One outcome of this collaboration is an Allegheny County Department of Human Services analysis of court-centered eviction actions that shows that 75 percent of cases are filed in the private rental housing market. However, the Housing Authorities of the City of Pittsburgh and Allegheny County file more cases than any other property owner.

The evictions connected to these government agencies are especially important in the Foundation’s anti-homelessness effort because they deal with the region’s poorest tenants.

Task force researchers Michael Yonas, the Foundation’s senior program officer for Research and Special Initiatives, and Rachel Rue of the County Department of Human Services, separated public housing rents from all involved authorities into hundred-dollar increments. They found that tenants paying less than $100 per month — meaning that they were among the most heavily subsidized according to income — were most likely to end up in court.

Most eviction-related cases are filed to force tenants to pay back rent, and of those, the majority are settled, and the tenants remain in their homes.

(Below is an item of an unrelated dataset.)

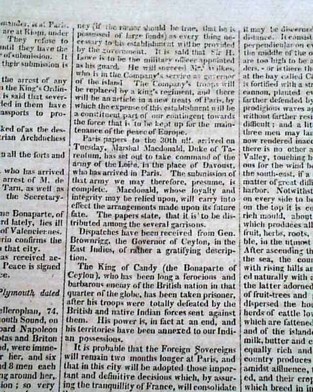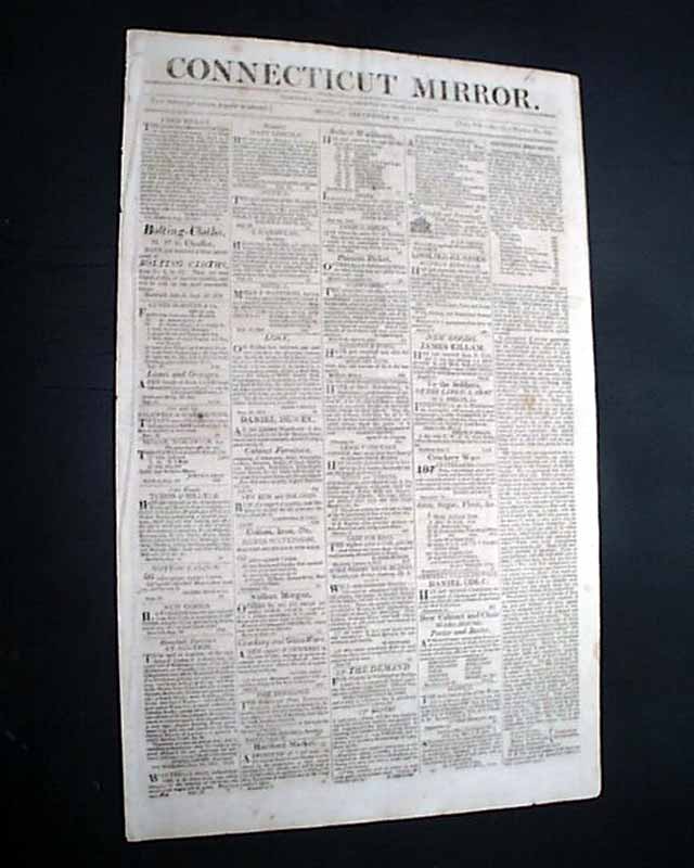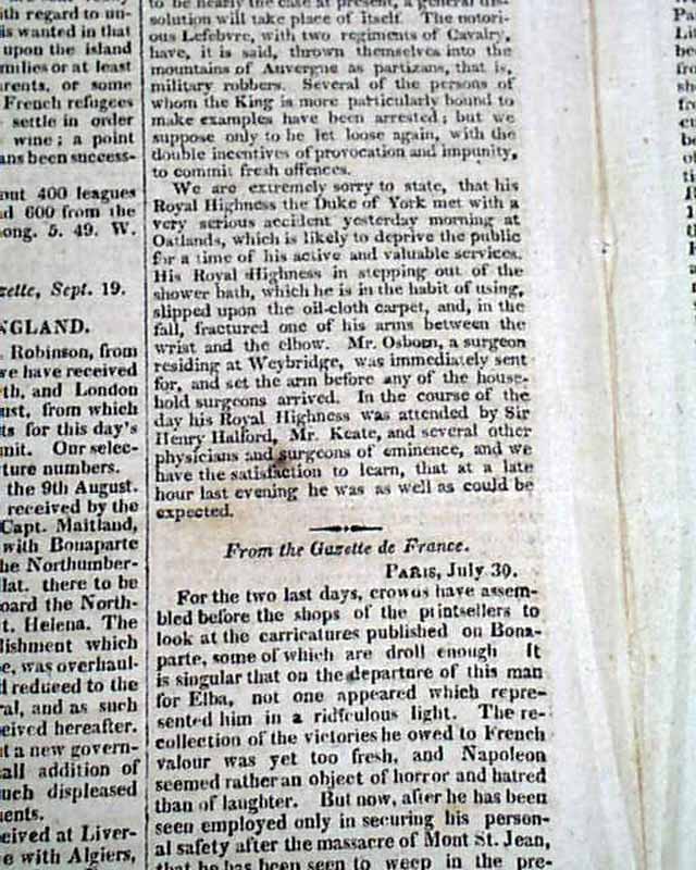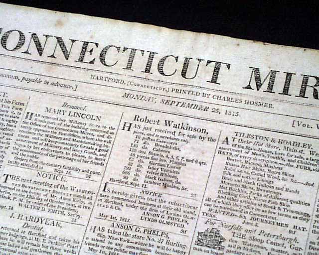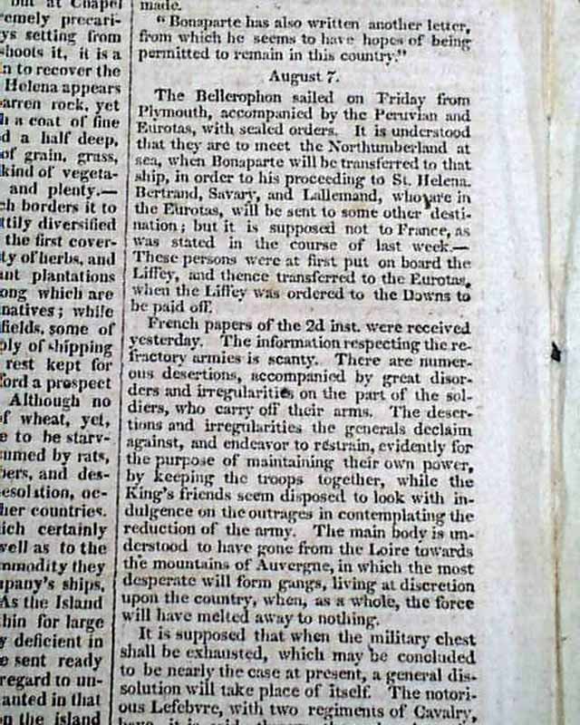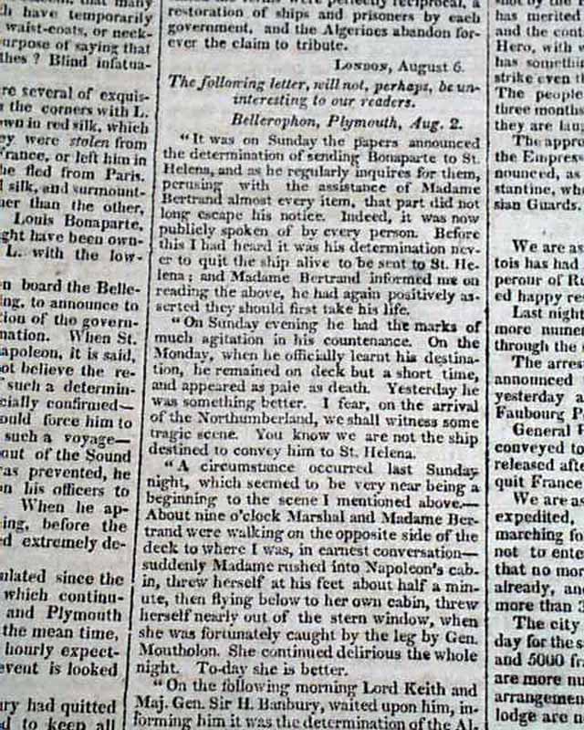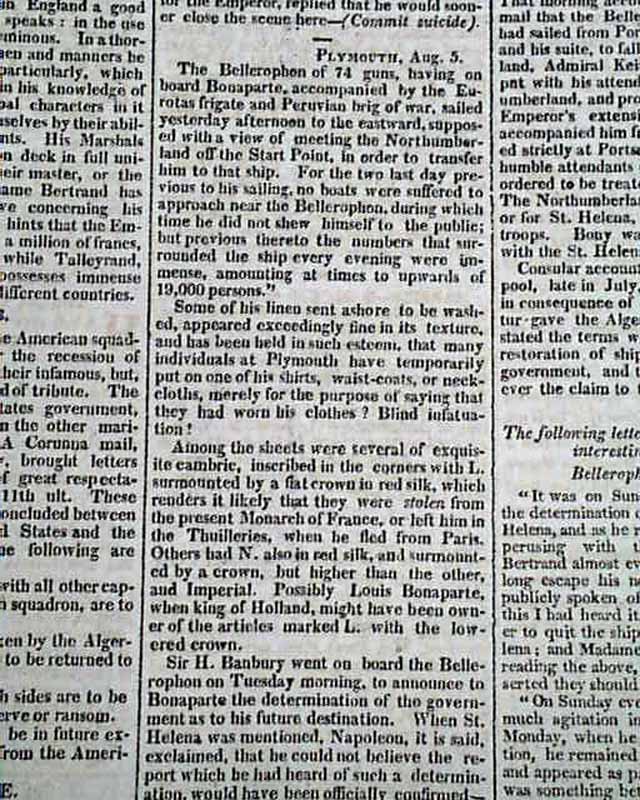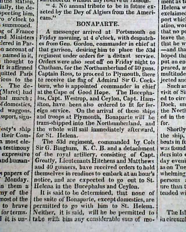 CONNECTICUT MIRROR, Hartford, Sept. 25, 1815 Page 2 has a number af articles concerning Napoleon Bonaparte and his banishment to the island of St. Helena. They include: "Bonaparte", and a report beginning: "The Bellerophon of 74 guns, having on board Bonaparte...' with more on his transport. Also a letter headed: "The Following letter will not, perhaps, be uninteresting to our readers" which is dated on the ship Bellerophon which holds Bonaparte. Yet another article concerning Bonaparte and his travels on the Bellerophon. See the photos for details.

Of the 1,227 cases filed by City Housing Authority officials in 2016, only 142 ended in actual evictions, according to Authority records. There is still a heavy toll for the other 1,085: Eviction filings are recorded on a tenant’s rental history, which landlords can use to deny future rental applications.

The eviction process in Allegheny County.

Downing sees the collaborative effort as essential to reducing filings and evictions. Just as important is understanding the situations of the people represented in the numbers. People like Celeste Scott.

Now an affordable housing organizer with Pittsburgh United, Scott has faced years of housing instability. When she left Pittsburgh for college in Maryland in 1993, the public housing complex where she had lived was permanently closed, displacing her mother, who then moved to Maryland to live with her daughter.

Then her mother, who had been paying part of the rent, died. Scott was working two jobs while going to school, but with funeral expenses and other financial obligations, she and her 3-year-old son ended up being evicted for past-due rent.

She returned to Pittsburgh and continued to work, but she and her son were displaced three more times — twice by eviction, and once because the rent for her Lawrenceville apartment nearly doubled. She went to court once to fight a filing, but she lost, as defendants in eviction cases do 85 percent of the time, according to Rue of the County Department of Human Services.

Scott says that even though she was attaining decent wages, “being a black woman raising a child and facing rising housing costs meant I still needed assistance. But you have to become homeless to get it because there is no coordination of services otherwise.”

Scott is not alone: Black women are evicted so much more frequently than other groups that in 2014 the MacArthur Foundation published a study called “Poor Black Women Are Evicted at Alarming Rates, Setting Off a Chain of Hardship.”

“The fear of eviction is so great,” Scott says. “You want to fight it, but the power of landlords is so great that people just leave.”

Community Human Services, one of the region’s leading housing stabilization, mental health and food assistance providers, helped Scott enter the county’s rapid rehousing program, which offers financial help and other support services to get into housing quickly and stay there.

Downing and the task force want to see more people in similar situations find stable housing.

“Our long-standing commitment to fighting homelessness and housing insecurity has enabled The Pittsburgh Foundation to lead this effort,” Downing says. “But a meaningful change will only come from the strong partnerships we continue to build.”